The use of subjective evaluation is what separates the legal perspective of witness testimony from the scientific perspective. Witness reports are considered “anecdotal evidence” by science, mainly because they are not testable. Yet many scientists are wise enough to understand that anecdotal evidence always precedes and leads to the collection of scientific evidence. In the history of science, scientific evidence has never been collected or even pursued until there has been enough anecdotal or indirect evidence at hand to merit an effort to collect the testable evidence. Thus without the collection and evaluation of anecdotal evidence or indirect evidence, there would be no scientific discoveries at all. This is the intrinsic relationship between the two types of evidence. Sighting reports by themselves are not scientific evidence, but they are what leads us to the scientific evidence. With respect to the pursuit of an unclassified species, the collecting of credible sighting reports is an essential part of the scientific process.
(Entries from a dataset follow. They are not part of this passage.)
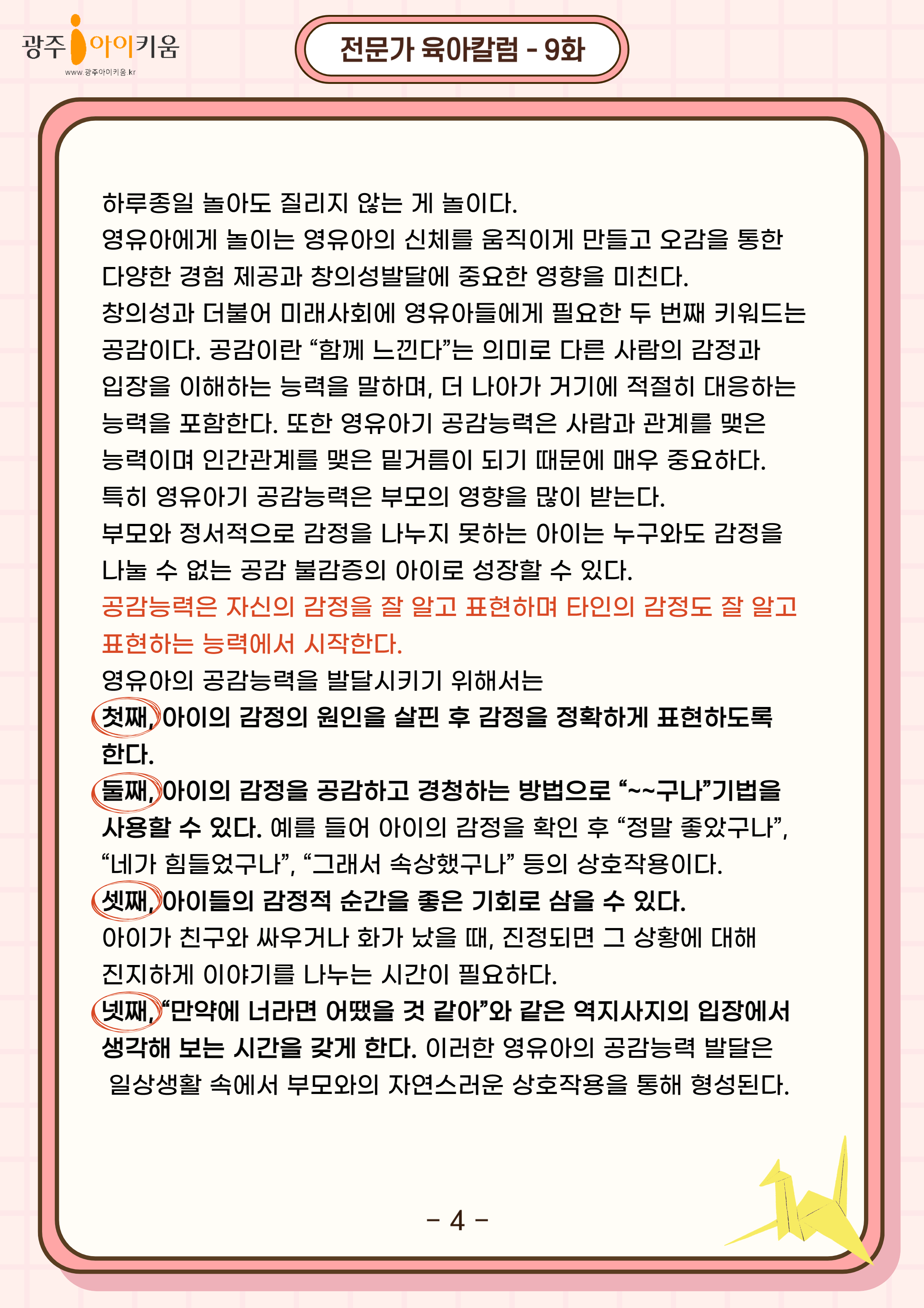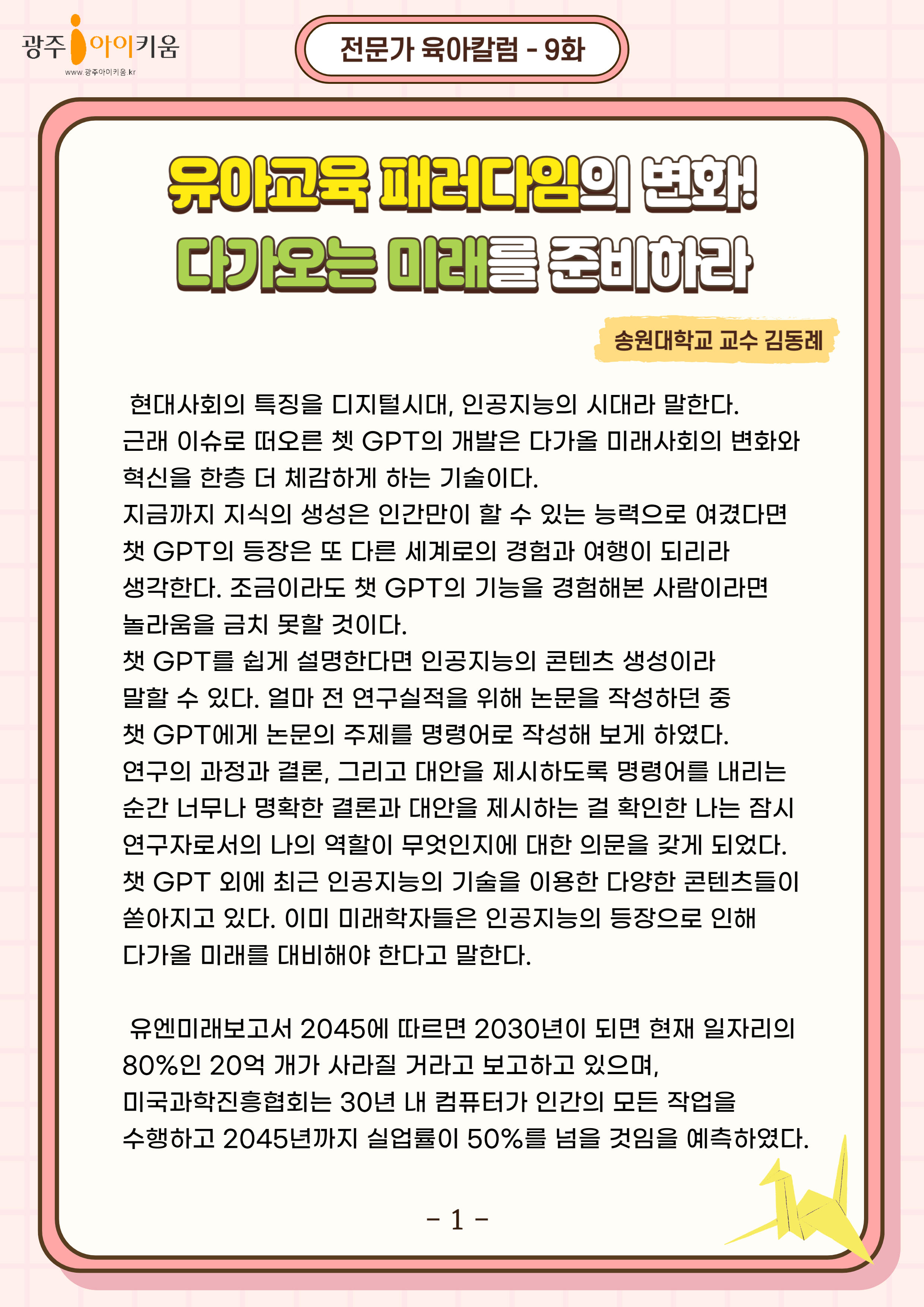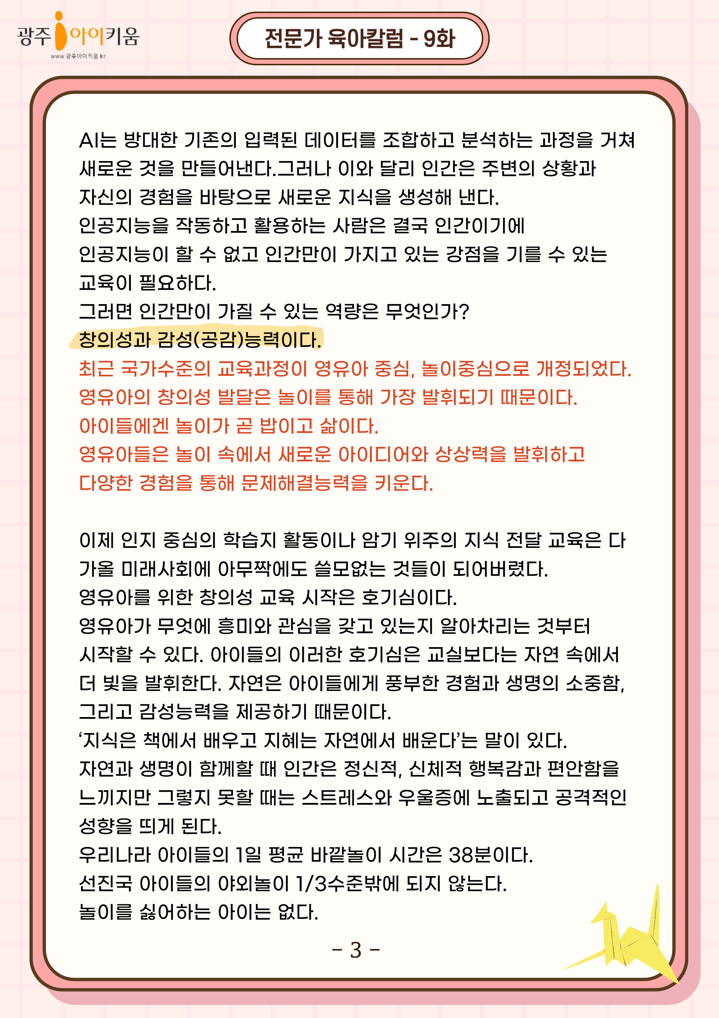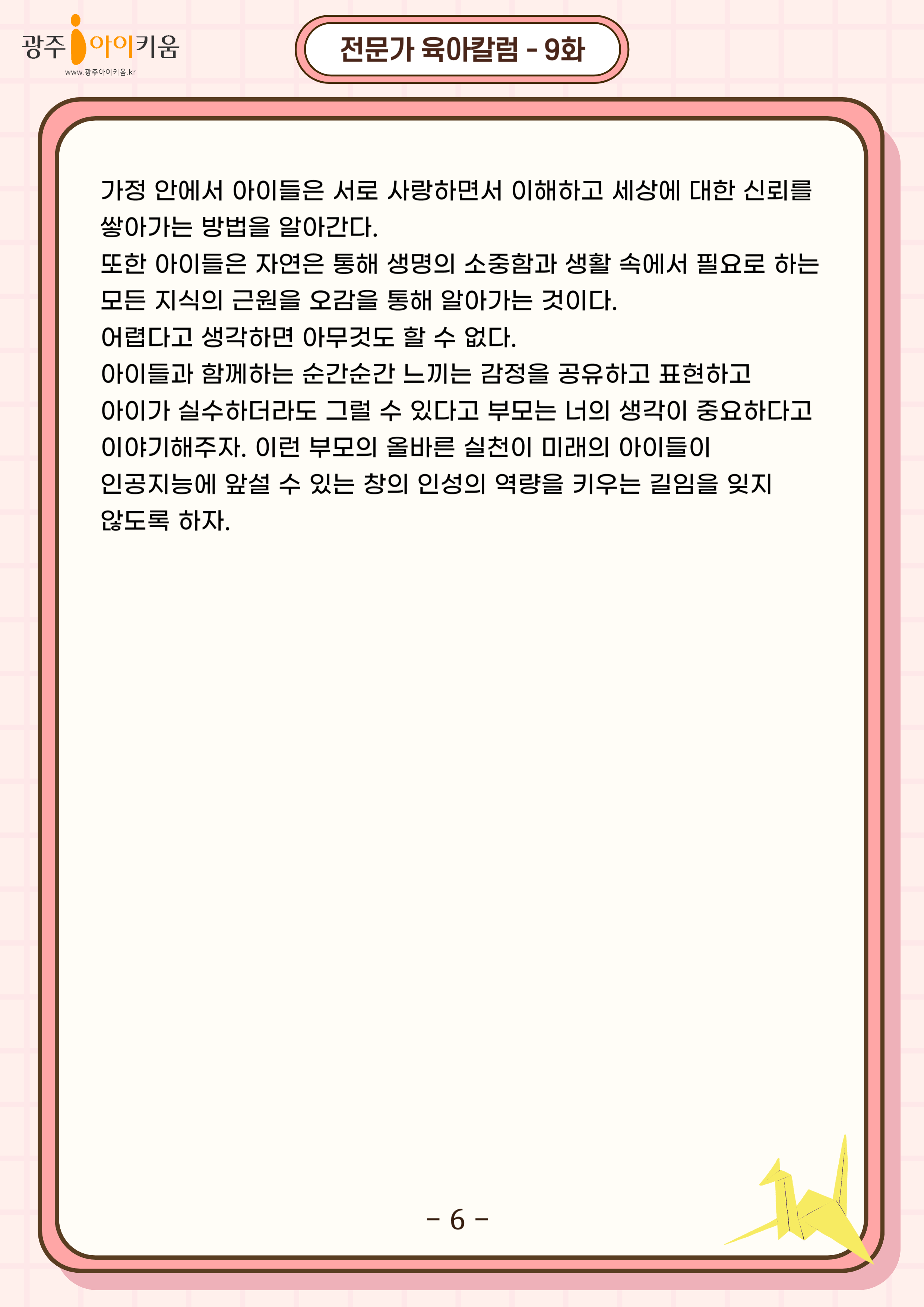 home 맘편한 내★일, 광주아이키움2.0 결혼·임신·출생 영유아 초·중·고 다양한 가족 일생활균형 커뮤니티 아동돌봄지원 소통방 나눔방 광주 아이키움 상담방 돌봄정보방 성폭력 피해 상담 및 사건지원 공지사항 이벤트소식 참여게시판 카드뉴스 동영상 아이키움 칼럼 성평등 육아웹툰 로고&캐릭터 9화-유아교육 패러다임의 변화! 다가오는 미래를 준비하라 등록일 : 2024-05-02 15:54 카테고리 : 카테고리 없음 작성자 : 운영자 조회수 : 851 목록
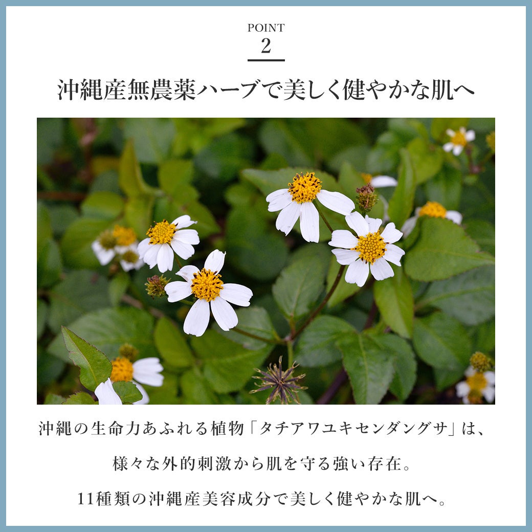 『タチアワユキセンダングサ』をはじめとする、11種類の沖縄産美容成分で美しく健やかな肌へ。
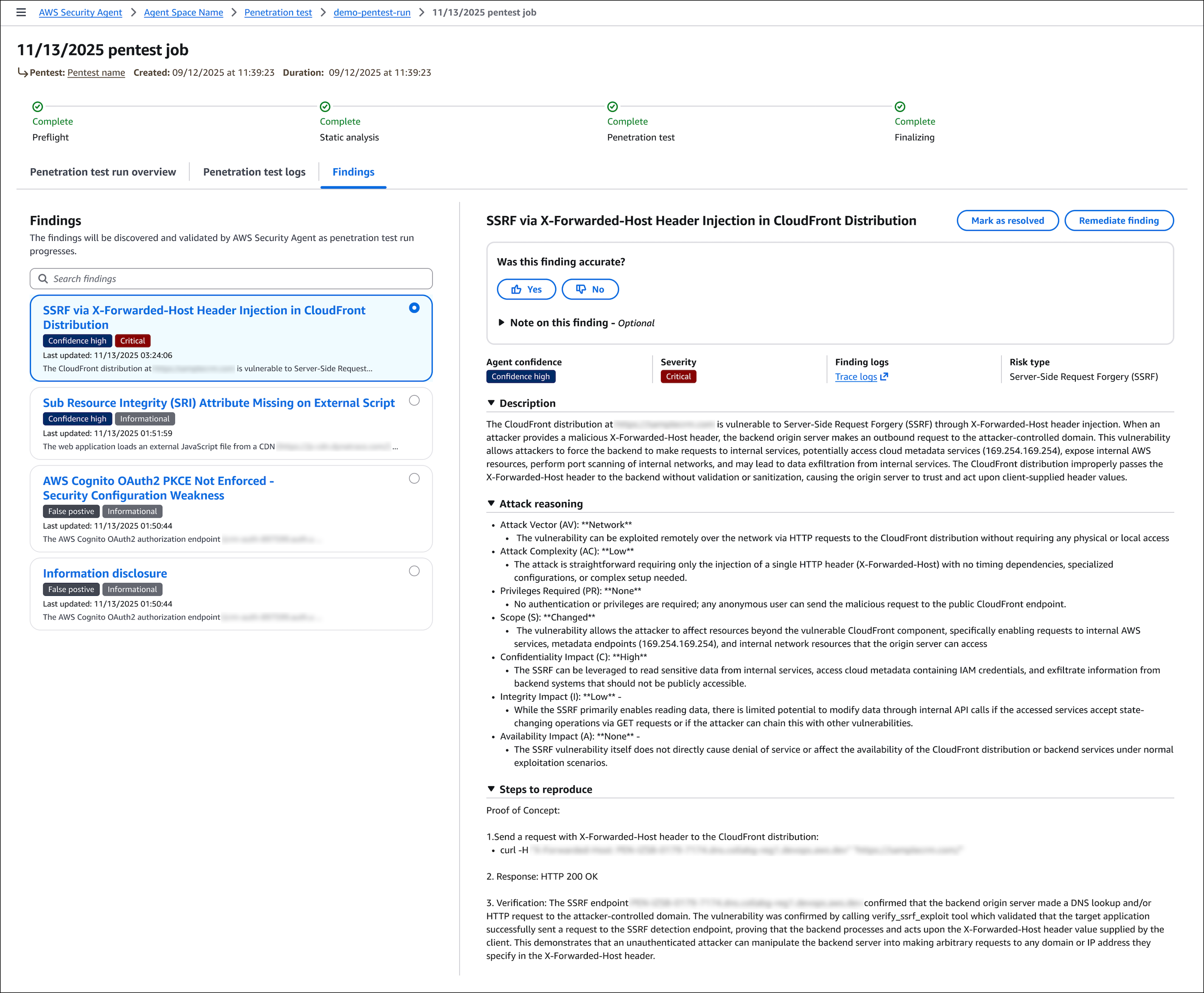 Nach dem Aktivieren der Funktion erstellen und führen Sie Penetrationstests über die AWS Security Agent Webapplikation durch. Detaillierte Einrichtungs- und Konfigurationsanweisungen finden Sie in der AWS Security Agent-Dokumentation [EN].
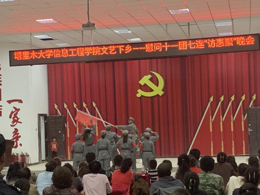 在中秋节来临之际,信息工程学院党委副书记张丽娟带领教师代表、学生赴十一团七连慰问看望我校“访惠聚”工作队,为工作队和连队职工在中秋节前送上节日的祝福和精彩的文艺节目。
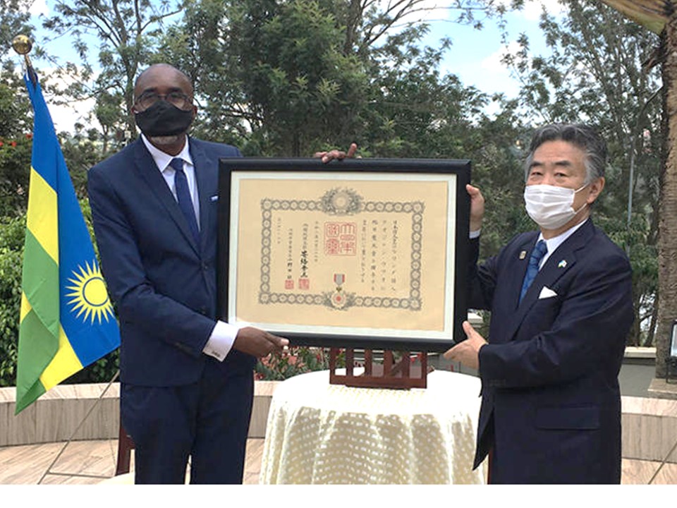 Japanese envoy to Rwanda, Masahiro Imai hands over the decoration of the ‘The Order of the Rising Sun, Gold and Silver ray’ award to veteran Karateka…
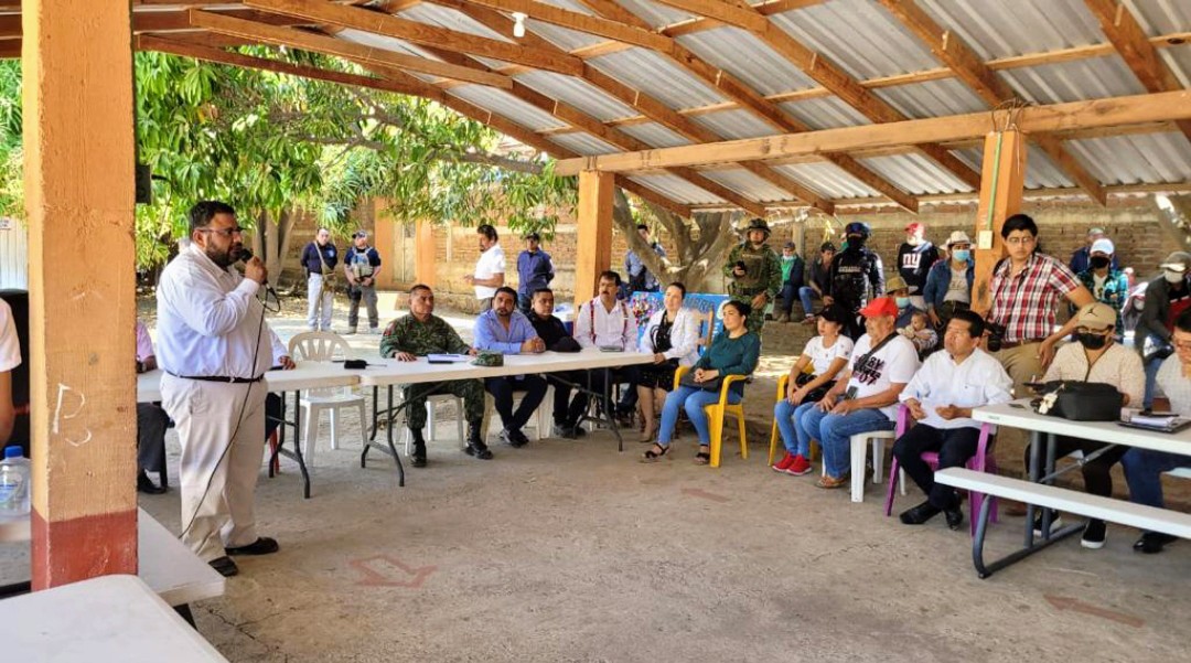En la escuela primaria Gral. Lázaro Cárdenas, con la representación de la gobernadora Evelyn Salgado Pineda, el Director General de Gobernación, Francisco Rodríguez Cisneros, acompañado por representantes de la Comisión de Derechos Humanos del estado y de la Secretaría de la Defensa Nacional, Guardia Nacional y Fiscalía General del Estado, se reunió con más de 120 habitantes y comisarios de las comunidades de Santa Rosa de Lima, El Parotal, Mameycito, Corrales, Durazno, Arroyo Verde y El Porvenir.
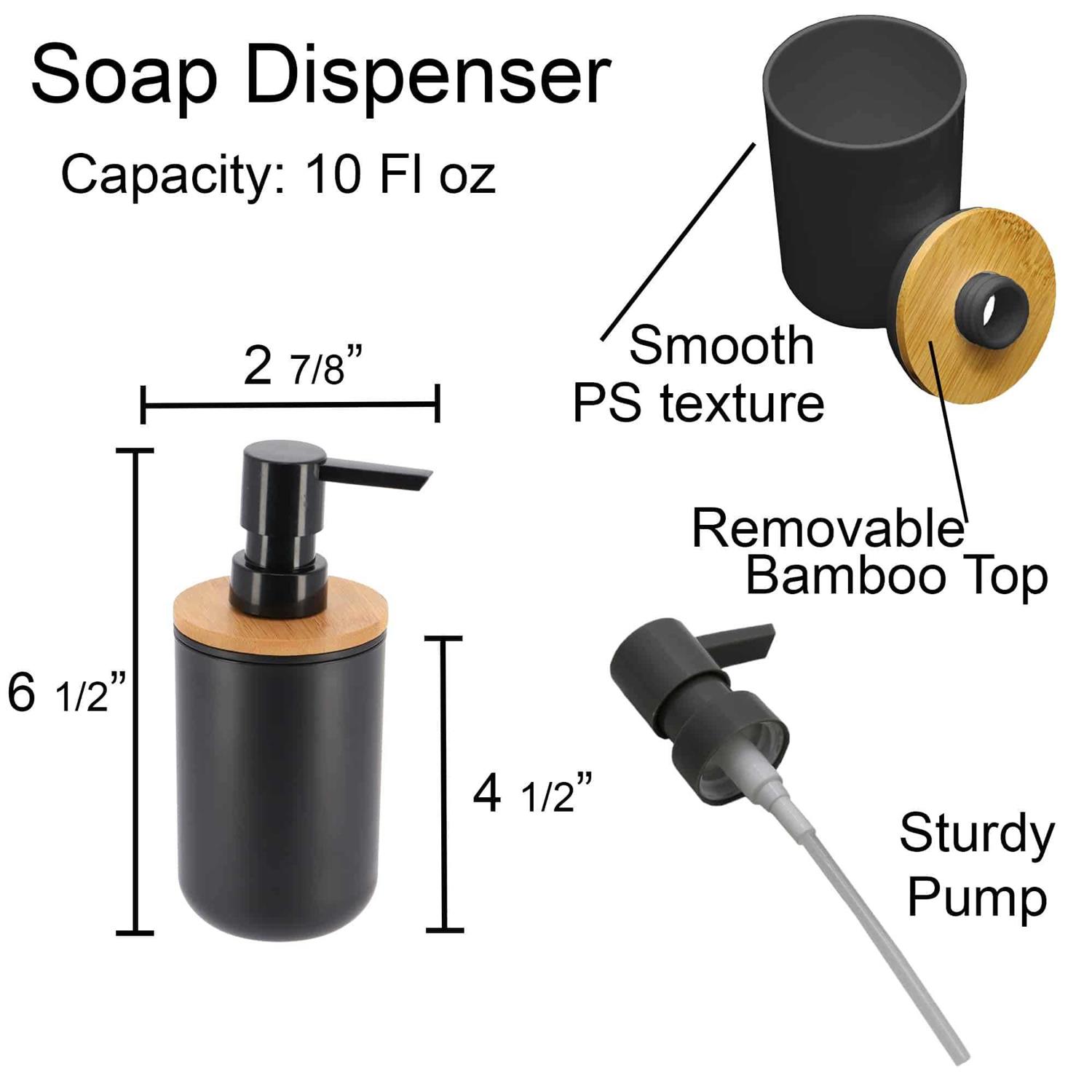 - Upgrade your kitchen and bathroom countertops with the black soap and lotion dispenser with bamboo top. The perfect fusion of style and functionality!

Report Classification System
All reports posted into the BFRO’s online database are assigned a classification: Class A, Class B, or Class C. The difference between the classifications relates to the potential for misinterpretation of what was observed or heard. A witness might be very credible, but could have honestly misinterpreted something that was seen, found, or heard. Thus, for the most part, the circumstances of the incident determine the potential for misinterpretation, and therefore the classification of the report.
Class A
Class A reports involve clear sightings in circumstances where misinterpretation or misidentification of other animals can be ruled out with greater confidence. For example, there are several footprint cases that are very well documented. These are considered Class A reports, because misidentification of common animals can be confidently ruled out, thus the potential for misinterpretation is very low.
Class B
Incidents where a possible sasquatch was observed at a great distance or in poor lighting conditions and incidents in any other circumstance that did not afford a clear view of the subject are considered Class B reports.